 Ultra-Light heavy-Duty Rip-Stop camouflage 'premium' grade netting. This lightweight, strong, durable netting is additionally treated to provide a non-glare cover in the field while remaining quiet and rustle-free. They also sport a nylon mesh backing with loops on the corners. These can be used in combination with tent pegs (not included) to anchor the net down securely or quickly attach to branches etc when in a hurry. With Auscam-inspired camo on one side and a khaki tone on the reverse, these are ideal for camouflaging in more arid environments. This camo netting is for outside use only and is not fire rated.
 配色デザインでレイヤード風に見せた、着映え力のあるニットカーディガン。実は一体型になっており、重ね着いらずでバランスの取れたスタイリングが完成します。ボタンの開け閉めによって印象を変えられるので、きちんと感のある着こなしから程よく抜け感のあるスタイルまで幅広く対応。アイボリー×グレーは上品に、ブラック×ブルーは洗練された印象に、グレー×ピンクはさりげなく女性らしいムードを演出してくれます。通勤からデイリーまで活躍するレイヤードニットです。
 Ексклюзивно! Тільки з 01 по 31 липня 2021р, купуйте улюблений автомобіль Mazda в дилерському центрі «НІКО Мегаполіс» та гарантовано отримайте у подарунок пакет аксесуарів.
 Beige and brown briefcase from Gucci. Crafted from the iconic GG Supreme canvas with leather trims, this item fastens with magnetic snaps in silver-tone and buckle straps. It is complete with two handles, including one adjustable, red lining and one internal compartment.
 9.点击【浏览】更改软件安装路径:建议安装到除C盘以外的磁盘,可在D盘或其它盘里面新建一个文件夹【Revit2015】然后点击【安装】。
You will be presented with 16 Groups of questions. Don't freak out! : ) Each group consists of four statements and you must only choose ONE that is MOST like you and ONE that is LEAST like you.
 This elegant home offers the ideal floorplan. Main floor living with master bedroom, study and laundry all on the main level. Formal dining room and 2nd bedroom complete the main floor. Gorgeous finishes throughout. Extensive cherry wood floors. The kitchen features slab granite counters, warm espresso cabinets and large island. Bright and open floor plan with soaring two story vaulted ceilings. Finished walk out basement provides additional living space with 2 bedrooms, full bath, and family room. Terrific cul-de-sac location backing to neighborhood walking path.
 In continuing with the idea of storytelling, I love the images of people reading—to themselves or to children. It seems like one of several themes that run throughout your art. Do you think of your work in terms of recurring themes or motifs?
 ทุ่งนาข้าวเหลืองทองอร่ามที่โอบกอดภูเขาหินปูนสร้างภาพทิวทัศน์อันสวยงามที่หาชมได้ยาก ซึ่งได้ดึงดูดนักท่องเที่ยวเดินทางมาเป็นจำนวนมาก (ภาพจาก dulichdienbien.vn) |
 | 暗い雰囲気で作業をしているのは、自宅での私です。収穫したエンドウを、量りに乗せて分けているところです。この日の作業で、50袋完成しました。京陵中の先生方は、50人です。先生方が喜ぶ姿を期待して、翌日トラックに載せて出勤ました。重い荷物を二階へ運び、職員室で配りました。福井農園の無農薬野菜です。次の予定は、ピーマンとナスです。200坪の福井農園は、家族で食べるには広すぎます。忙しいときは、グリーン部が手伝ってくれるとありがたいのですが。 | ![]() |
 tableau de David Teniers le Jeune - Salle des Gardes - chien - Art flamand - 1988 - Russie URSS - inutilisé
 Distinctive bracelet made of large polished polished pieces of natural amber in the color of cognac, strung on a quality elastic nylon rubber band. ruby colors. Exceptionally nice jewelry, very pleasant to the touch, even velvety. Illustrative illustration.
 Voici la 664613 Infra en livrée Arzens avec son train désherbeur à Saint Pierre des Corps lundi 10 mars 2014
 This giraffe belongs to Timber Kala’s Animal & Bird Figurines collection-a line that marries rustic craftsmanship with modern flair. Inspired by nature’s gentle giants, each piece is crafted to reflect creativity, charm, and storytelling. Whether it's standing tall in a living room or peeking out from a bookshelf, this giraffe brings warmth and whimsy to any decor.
+++++
TASK DETAILS: Once the line with "You will be" is found in the records above, print exactly that line and every line after it through the line with "Voici la 664613".

TASK SOLUTION:
You will be presented with 16 Groups of questions. Don't freak out! : ) Each group consists of four statements and you must only choose ONE that is MOST like you and ONE that is LEAST like you.
 This elegant home offers the ideal floorplan. Main floor living with master bedroom, study and laundry all on the main level. Formal dining room and 2nd bedroom complete the main floor. Gorgeous finishes throughout. Extensive cherry wood floors. The kitchen features slab granite counters, warm espresso cabinets and large island. Bright and open floor plan with soaring two story vaulted ceilings. Finished walk out basement provides additional living space with 2 bedrooms, full bath, and family room. Terrific cul-de-sac location backing to neighborhood walking path.
 In continuing with the idea of storytelling, I love the images of people reading—to themselves or to children. It seems like one of several themes that run throughout your art. Do you think of your work in terms of recurring themes or motifs?
 ทุ่งนาข้าวเหลืองทองอร่ามที่โอบกอดภูเขาหินปูนสร้างภาพทิวทัศน์อันสวยงามที่หาชมได้ยาก ซึ่งได้ดึงดูดนักท่องเที่ยวเดินทางมาเป็นจำนวนมาก (ภาพจาก dulichdienbien.vn) |
 | 暗い雰囲気で作業をしているのは、自宅での私です。収穫したエンドウを、量りに乗せて分けているところです。この日の作業で、50袋完成しました。京陵中の先生方は、50人です。先生方が喜ぶ姿を期待して、翌日トラックに載せて出勤ました。重い荷物を二階へ運び、職員室で配りました。福井農園の無農薬野菜です。次の予定は、ピーマンとナスです。200坪の福井農園は、家族で食べるには広すぎます。忙しいときは、グリーン部が手伝ってくれるとありがたいのですが。 | ![]() |
 tableau de David Teniers le Jeune - Salle des Gardes - chien - Art flamand - 1988 - Russie URSS - inutilisé
 Distinctive bracelet made of large polished polished pieces of natural amber in the color of cognac, strung on a quality elastic nylon rubber band. ruby colors. Exceptionally nice jewelry, very pleasant to the touch, even velvety. Illustrative illustration.
 Voici la 664613 Infra en livrée Arzens avec son train désherbeur à Saint Pierre des Corps lundi 10 mars 2014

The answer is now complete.